Here’s a quote highlighted by Warren Buffett during this weekend’s annual meeting in response to a question about derivatives and financial reform. It was written by economist John Maynard Keynes in his influential economic textbook “The General Theory of Employment, Interest and Money.” Back in 1936, mind you. Emphasis mine.
In one of the greatest investment markets in the world, namely, New York, the influence of speculation…is enormous. Even outside the field of finance, Americans are apt to be unduly interested in discovering what average opinion believes average opinion to be; and this national weakness finds its nemesis in the stock market.
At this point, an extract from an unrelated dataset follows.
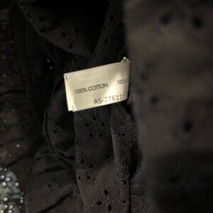 Textured details run along the neckline, and the cotton eyelet lace along with the ¾ balloon sleeves add a touch of whimsy, creating a graceful and ample silhouette with numerous pleats and folds.
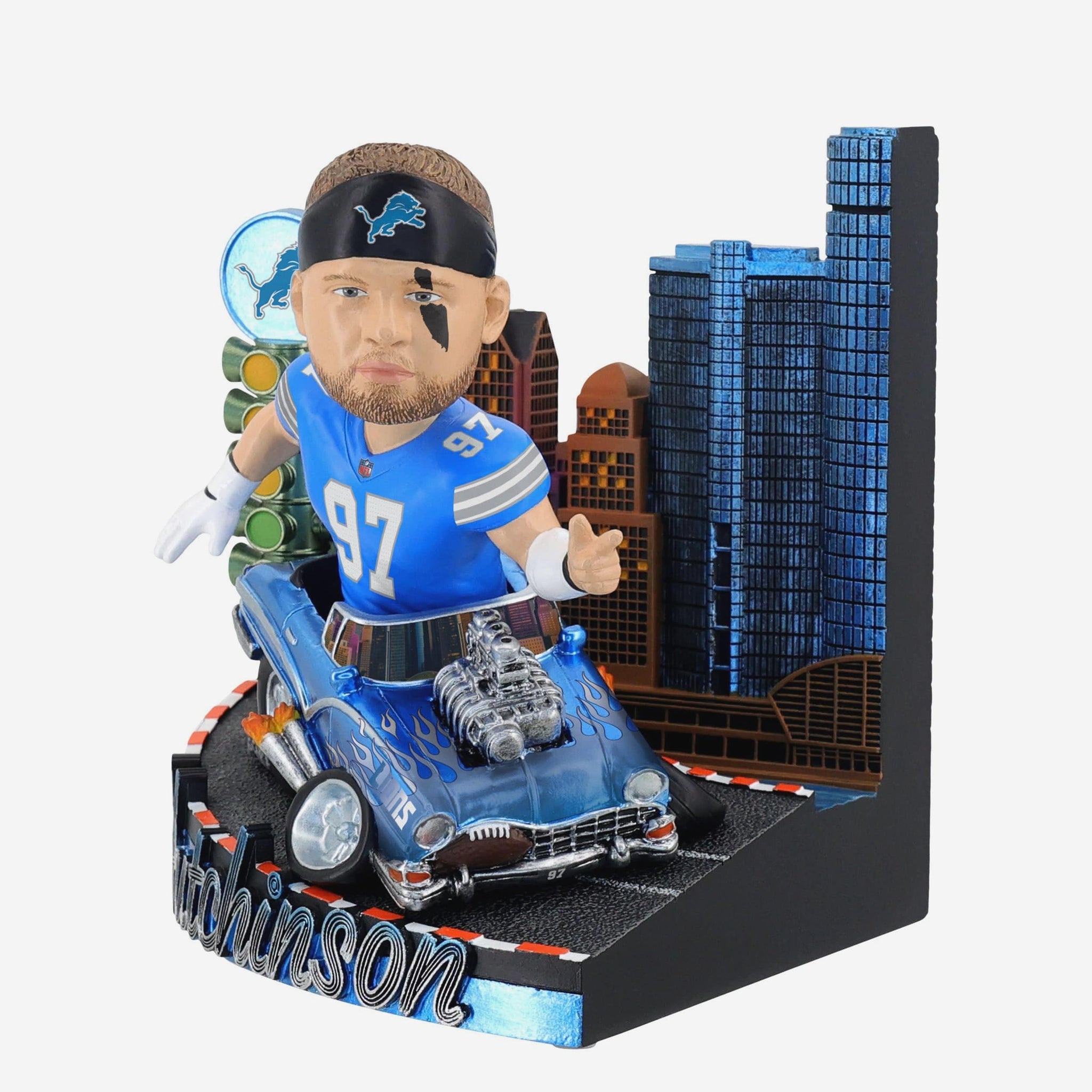 The Motor City Menace has entered the fast lane! Add some Detroit horsepower to your collection with this Aidan Hutchinson Detroit Lions Motor City Bobblehead.

It is rare, one is told, for an American to invest, as many Englishmen still do, “for income”; and he will not readily purchase an investment except in the hope of capital appreciation. This is only another way of saying that, when he purchases an investment, the American is attaching his hopes, not so much to its prospective yield, as to a favourable change in the conventional basis of valuation, i.e. that he is, in the above sense, a speculator.
Speculators may do no harm as bubbles on a steady stream of enterprise. But the position is serious when enterprise becomes the bubble on a whirlpool of speculation. When the capital development of a country becomes a by-product of the activities of a casino, the job is likely to be ill-done. The measure of success attained by Wall Street, regarded as an institution of which the proper social purpose is to direct new investment into the most profitable channels in terms of future yield, cannot be claimed as one of the outstanding triumphs of laissez-faire capitalism — which is not surprising, if I am right in thinking that the best brains of Wall Street have been in fact directed towards a different object.